This could be it. I've been trying to come up with a way of using the angular momentum tensor to check this, but I'm not familiar enough with the math involved. Another possibility would be to see if the congruence of worldlines we've been describing meets the conditions of the Herglotz-Noether theorem, which can be viewed as describing the possible stationary states of a rotating object, i.e., the states that don't require external applied forces to maintain them. Basically that amounts to computing the kinematic decomposition, which I'm more familiar with but don't have time to do at the moment.

 

[AVentura]

I guess there has to be some explanation, and not allowing the perfect rotation is the only thing it could be.

 

[jartsa]

I'll start with link describing the phenomenon:

https://books.google.com/books?id=WTfnBwAAQBAJ&pg=PA43&lpg=PA43&dq=relativity+twist+rotating+cylinder&source=bl&ots=C2SDJNPF2K&sig=ImFDYGm_0qK7JoDU0ulsxLk3sMU&hl=en&sa=X#v=onepage&q=relativity twist rotating cylinder&f=false

Quote:

"A cylinder rotating uniformly about the x' axis in the frame S' will seem twisted when observed in the usual second frame S, in which it not only rotates but also travels forward."​

Now picture that instead of a cylinder we have a helix in S'. The helix in S' has an integer number of curls in S', so its center of gravity is on the x' axis. It rotates independently in S'. If its pitch in S' is such that the twisting seen in S perfectly straightens it out then an observer in S sees a rod that is not on the x-axis rotating around the x-axis all by itself.

How can that be? Or, where have I gone wrong?

What's the problem with a rod doing such rotation? Conservation of momentum?

Let's say a bunch of clocks, each with one clock hand, are stacked up on the ground on a gravitating planet. When one clock reads 9, the next one reads 3, that's how the stack of clocks is supposed to stay in balance.

From a suitable frame all clock hands point at 3.

In that frame momentum flux in the clock stack is such that all those clocks pointing at 3 are experiencing forces from the adjacent clocks that left those clocks when they were pointing at 9. (Because that's what happens in the rest frame of the stack)

So stored momentum seems to be the answer in this case, probably it's the answer in the rotating helix case too.

 

[PeterDonis]

Basically that amounts to computing the kinematic decomposition

I still haven't done this completely, but I suspect from looking at a similar calculation for an ordinary rotating ring what it is going to say: that whereas an ordinary rotating ring is a rigid congruence (vorticity, but no expansion or shear), the rotating helix we've been describing is not: it has nonzero expansion or shear (not sure which), meaning that it is not a possible stable state for a freely spinning body--external forces would have to be applied, as Dale suspected.

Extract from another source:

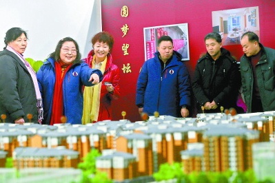 大年初五,望坛棚改居民重回社区过节。值守在岗的永外街道李村社区党委书记吴晶(左二)向居民们介绍棚改工作最新进展。本报记者 孙戉摄
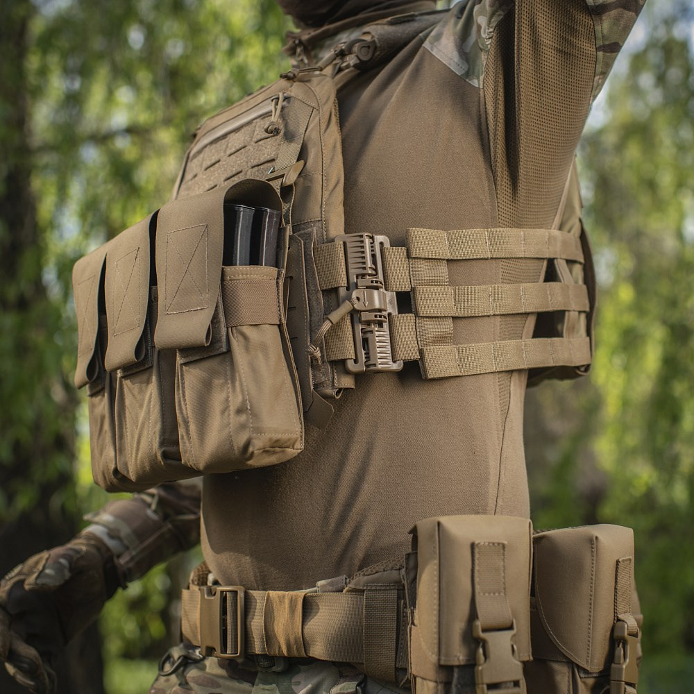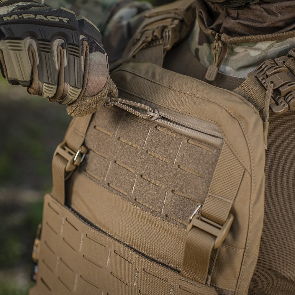 Kamizelka taktyczna typu Plate Carrier z miejscem na wkłady balistyczne standardu ESAPI w rozmiarze M. Wyposażona została w system szybkiego wypięcia pozwalający w sposób intuicyjny i bezpieczny, w razie konieczności, oswobodzić się z kamizelki. Kamizelka jest kompatybilna z systemem MOLLE przez co umożliwia montaż dodatkowych ładownic np. kieszeni cargo pouch.

A freely spinning state of a helix (no expansion or shear, just vorticity), if there is one, would be described by a different congruence.

 

[Dale]

I suspect from looking at a similar calculation for an ordinary rotating ring what it is going to say: that whereas an ordinary rotating ring is a rigid congruence (vorticity, but no expansion or shear), the rotating helix we've been describing is not: it has nonzero expansion or shear (not sure which),

This seems likely to me. I would even hazard a guess that the expansion and/or shear oscillates with a frequency which is equal to the torque free precession frequency.

 

[AVentura]

Peter, Dale, I want to go ahead and thank you both for your posts and time. Just reading about Herglotz-Noether it's pretty clear what must be going on.

 

[maline]

It is true that a helix with a whole number of turns and a uniform mass distribution cannot rotate freely around its axis. Its principal direction (of minimal moment of inertia) is slanted toward the direction a quarter-turn away from each endpoint of the helix, so if it is rotated around the axis, the angular momentum vector will be slanted away from that principal direction, and the rotation will precess around the AM vector.
One way to avoid this is if the helix is infinitely long. In that (obviously very hypothetical) case, the rotation is possible, and there will indeed be an inertial frame in which we have a straight rod revolving around an axis parallel to itself. Momentum will not be conserved, but that is normal for mass distributions that extend to infinity. In particular, the shear tension in the rod is a component of the stress tensor that remains nonzero at infinity, so we can describe a sourceless "flow of force" from infinity that accelerates the rod toward the axis.
However, I'm not sure the OP's paradox has been adequately resolved. What about situations with nonuniform mass distributions along a finite helix? Is it true that there is no possible mass distribution that will allow free rotation around the axis? That seems quite surprising, but it seems like AVentura has proved it using relativity! Does anyone have a direct proof, a counterexample, or another resolution to the paradox?

 

[Dale]

It is true that a helix with a whole number of turns and a uniform mass distribution cannot rotate freely around its axis. Its principal direction (of minimal moment of inertia) is slanted toward the direction a quarter-turn away from each endpoint of the helix,

That is what I thought. Do you by any chance have a reference?

 

[maline]

Do you by any chance have a reference?

No, I just worked it out directly. I did Physics 1 recently enough that I still remember what Euclidean 3-space looks like.
The calculation is pretty simple; does anyone have an interest in my writing it out?

 

[Dale]

The calculation is pretty simple; does anyone have an interest in my writing it out?

I would appreciate it!

 

[maline]

I would appreciate it!

For a given rotation vector $\vec \omega$, the contribution of a volume element $dV$, located at $\vec r$, to the angular momentum $\vec J$ around the origin is given by:$$d \vec J = \vec r \times d \vec p = \vec r \times [\rho (\vec r) dV (\vec \omega \times \vec r)] \\ = [\vec \omega r^2 - \vec r (\vec \omega \cdot \vec r)]\rho (\vec r) dV$$
This gives an explicit formula for the moment-of-inertia tensor:$$ J_i =I_{ij} \omega_j \Rightarrow \\I_{ij} = \int \,dV ~\rho (\vec r)(\delta_{ij} r^2 -r_i r_j)$$
For our purposes, we don't need to find the full tensor. We only need to know whether the axis of our helix is parallel to a principal direction (i.e. eigenvector) of the tensor- we set $\vec \omega$ along the axis and check whether $\vec J$ is parallel to it. The $\vec \omega r^2$ term is explicitly parallel to $\vec \omega$, so we only need to check the $\vec r (\vec \omega \cdot \vec r)$ term.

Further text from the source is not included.